Traité de Lisbonne : au secours, le peuple revient !

Publié le par Pour la République Sociale


Imaginons qu'un journal Pro-Chavez ait titré, quelques jours avant la tenue du récent référendum sur la constitution vénézuélienne : « Pourquoi il ne faut en aucun cas faire de référendum sur la constitution vénézuélienne ». On imagine le tollé. On y aurait vu la preuve irréfutable que Chavez est un dictateur qui refuse de se plier à la volonté du peuple. Or une telle proposition a été formulée non par un partisan de Chavez, mais par Jean Quatremer, journaliste à Libération, qui a publié sur son blog, à propos de l'Europe, un article titré : « Pourquoi il ne faut en aucun cas faire de référendum sur le traité de Lisbonne ».
Jean Quatremer est de ceux qui ne se sont jamais remis de la victoire du Non, lors du référendum de 2005. Comme toute l'élite journalistique (ou presque), il était pour le Oui. C'était d'ailleurs son droit le plus strict. En revanche, comme bien d'autres, il s'illustra alors par sa participation active à la campagne qui tendait à prouver que tout partisan du Non était, au mieux, un antieuropéen convaincu, et au pire, un nationaliste chauvin et vaguement fasciste.
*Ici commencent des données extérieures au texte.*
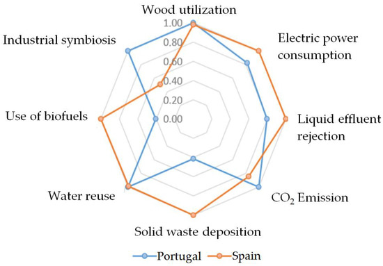 In the five years studied, when comparing to the environmental variables of the sector in Spain, the sector in Portugal stood out in the categories of: Electricity consumption, liquid effluent rejection, CO2 emissions, the use of biofuels, landfill, and industrial symbiosis. The sector in Spain had a better environmental performance in the categories of indicators related to the use of wood and water reuse.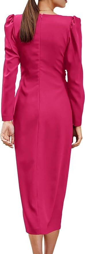 EYE-CATCHING DESIGNS: Long Sleeve Dress For Women Fall/ Puffy Sleeve Dress/ V Neck Dress For Women/ Maxi Dress With Slit/ Long Dress For Women Casual/ Elegant Dresses For Evening Party/ Twist Front Dress/ Womens Fall Fashion 2024/ Ruched Dress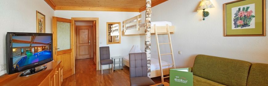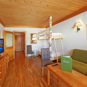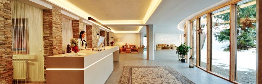 Przytulny hotel posiada halę hotelową z recepcją, lounge z kominkiem, 2 windy, Wi-Fi (1 urządzenie/pokój w cenie), restaurację, różne izby, przechowalnię sprzętu narciarskiego z suszarką do butów i bar. Obszerna strefa wellness o powierzchni niemal 1000 m2 obejmuje 2 kryte baseny, whirlpool, saunę fińską, saunę, grotę parową, kabinę z podczerwienią, obszerny pomieszczenia relaksacyjne, niewielką fontannę z wodą do picia, a także studio fitness (wszystko bezpłatnie). Godziny otwarcia: kompleks saun: 15:00 - 19:00, baseny: 07:00 - 19:00. Za opłatą można skorzystać z masaży, solarium i hali do gry w squasha. Dodatkowo goście mogą brać udział w różnych bezpłatnych zajęciach sportowych, wieczorach tanecznych i wieczorach z muzyką na żywo. Dla najmłodszych oferowana jest animacja (od 1. roku życia, niedz. - pt., w godz: 09:00 - 16:00 oraz 18:45 - 21:00), specjalny program w czasie ferii (np. pokazy magii, minizoo itp.), piłkarzyki, tenis stołowy, trampolina, konsola do gier (częściowo za opłatą) oraz pokój zabaw dla dzieci. Dodatkowo, za opłatą można zagrać w bilarda lub w rzutki. Miejsca parkingowe oraz garaż bezpłatnie (ograniczona dostępność).
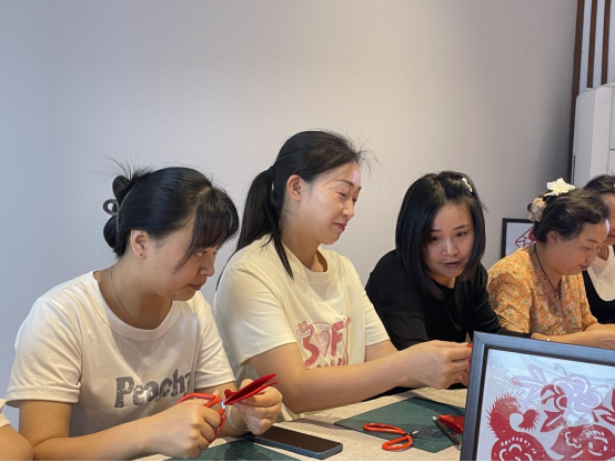活动现场,一幅幅精美的剪纸作品在巧手中诞生,艾草的清香在空气中弥漫。在专业老师的指导下,参与者们全神贯注,红纸在指尖翻飞间化作栩栩如生的龙舟、粽子等端午元素;艾草锤制作区里,大家将晒干的艾叶细心包裹,制作成寓意安康的艾草养生锤,现场欢声笑语不断,传统技艺的传承在互动体验中自然流淌。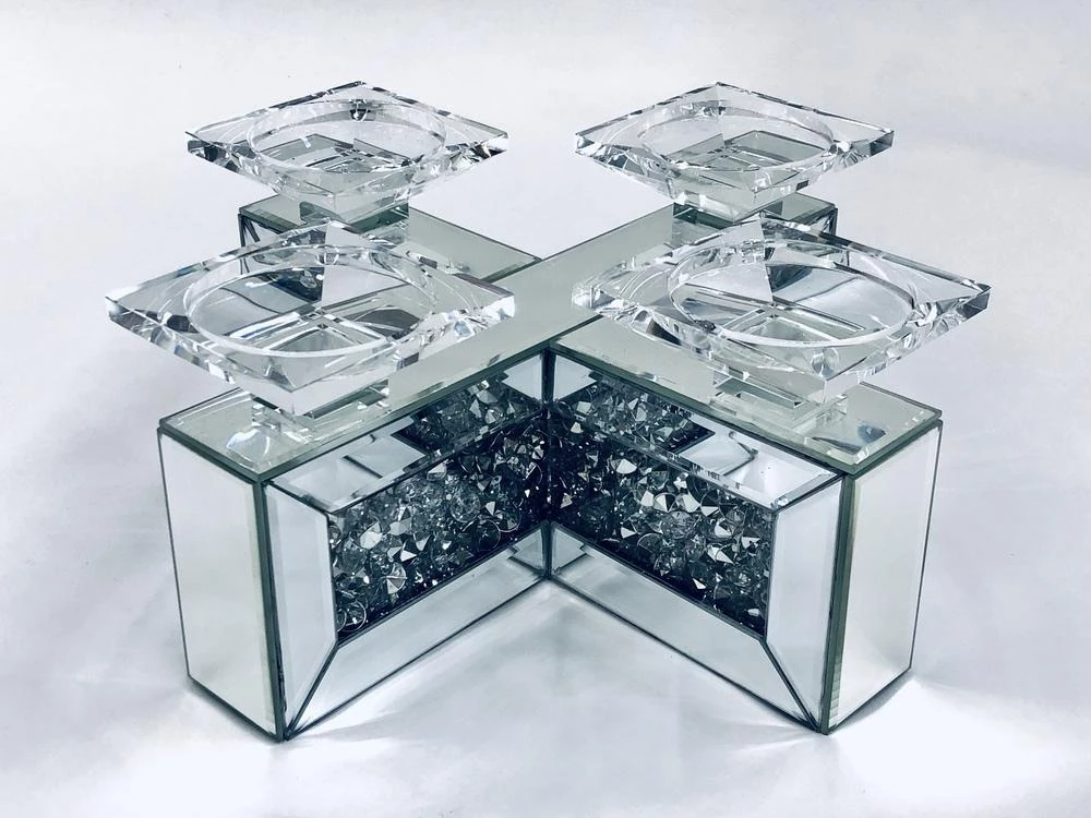 ASR INTERIOR Crushed Diamond Nest Of Tables MIRRORED FURNITURE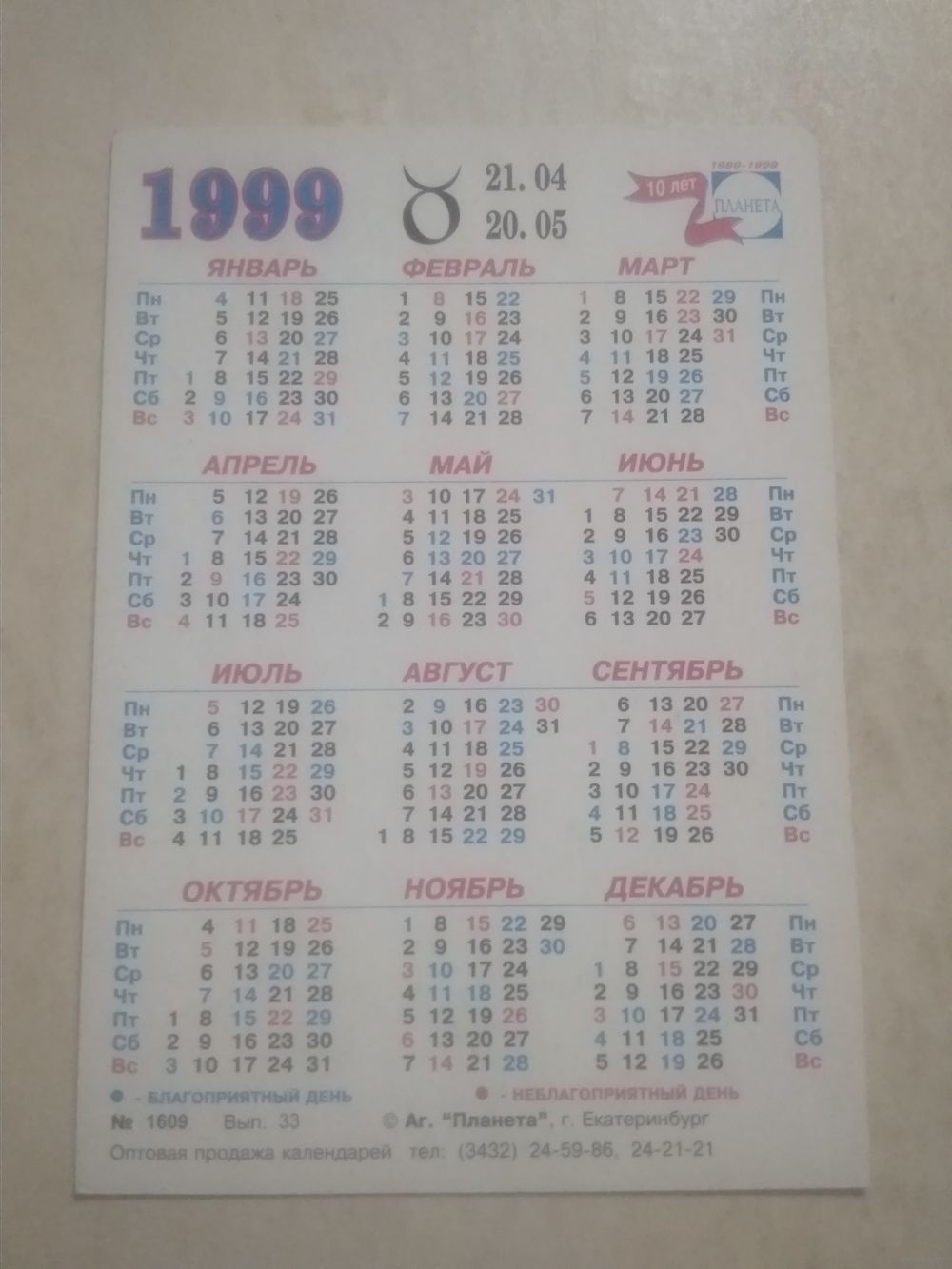 Карманный календарик. Знаки зодиака. Телец. 1999 год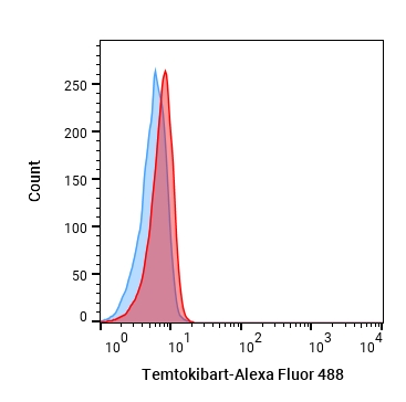 • Flow cytometric analysis of 1.5×106 HT-29 cells labeling Temtokibart (HY-P990016, red). Cells were fixed with 4% paraformaldehyde. Then stained with the primary antibody at 1/200 dilution for an hour at 4℃. Alexa Goat Anti-Human IgG H&L (AF488) (HY-P83776) was used as the secondary antibody at 1/1,000 dilution for 30 minutes at 4℃. Human IgG1 lambda2 Isotype Control (HY-P990096, blue) was used as the isotype control.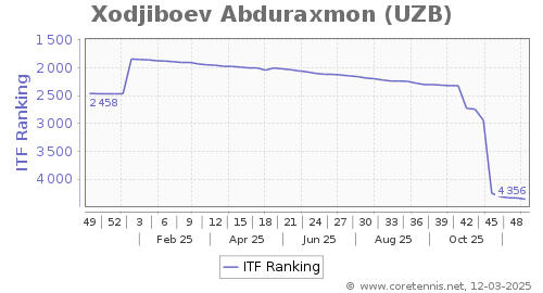 | 4356 | Xodjiboev Abduraxmon(UZB) | 21 | 1892 | 2285 | Graph |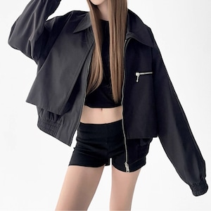 ジップアップ オーバーサイズ ショート ジャケット ◆2col L00125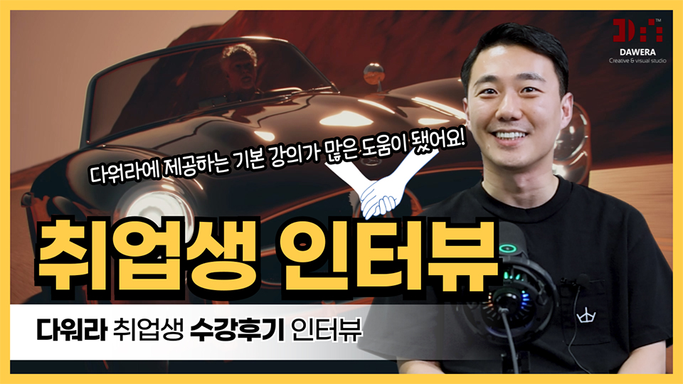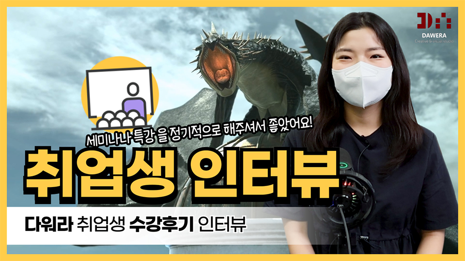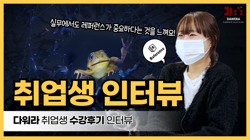 타 학원에서는 하나의 파트를 선택하고, 최소 3개월 이상의 기초반 과정을 수료해야 했었는데, 기획부터 합성까지 모든 과정이 담긴 포트폴리오를 제작할 수 있어서 이 학원을 선택하게 되었습니다.

Tout le monde ayant le droit se tromper, on aurait pu croire que Quatremer saurait tirer quelque leçon d'un épisode ayant illustré la coupure entre les intellectuels d'en haut, ceux qui connaissent les arcanes du Bien et du Mal, et les autres, ce vulgum pecus de la chose politique. Eh bien, pas du tout. Le Quatremer 2007 est la copie conforme du Quatremer 2005.
Que dit-il pour justifier son refus du référendum ? Que le projet de Constitution n'existe plus, qu'il a été remplacé par un « traité », lequel « n'est juridiquement plus le même ». Pourtant, reconnaît-il, « il est clair que la plupart des dispositions du nouveau traité ne sont qu'une reprise pure et simple de la défunte Constitution rejetée par les Français » (ce qui exact). Mais peu importe, poursuit Quatremer, car une éventuelle victoire du Non « signifierait la fin de la construction communautaire ». Il en conclut qu'il ne faut donc pas organiser de nouveau référendum, sauf à poser la question de « l'appartenance de la France à l'Europe ». On en revient ainsi au précepte de départ : le Non au projet de Constitution était forcément un Non à l'Europe, et le Non éventuel au Traité de Lisbonne serait à classer dans le même sac d'infamie.

Etonnant raisonnement. En fait, peu importe ce que l'on pense du traité de Lisbonne. Peu importe que l'on soit un inconditionnel du Oui (comme Quatremer) ou un partisan du Non (comme l'auteur de ces lignes). Cela fait partie du débat pluraliste. En revanche, il est une interrogation incontournable : peut-on revenir sur le choix du peuple sans le consulter ? C'est une question de démocratie, la seule qui se pose aujourd'hui, et à laquelle on ne peut répondre en prêtant des desseins cachés à ceux dont on suppose qu'ils ne vont pas bien voter.
Sinon il faut aller au bout de la démarche, en finir avec le suffrage universel, et instaurer une nouvelle forme de suffrage censitaire, où le droit de vote serait réservé non plus à ceux qui ont de l'argent, mais à ceux qui ont le Savoir.
Jack Dion, directeur adjoint de la rédaction de Marianne.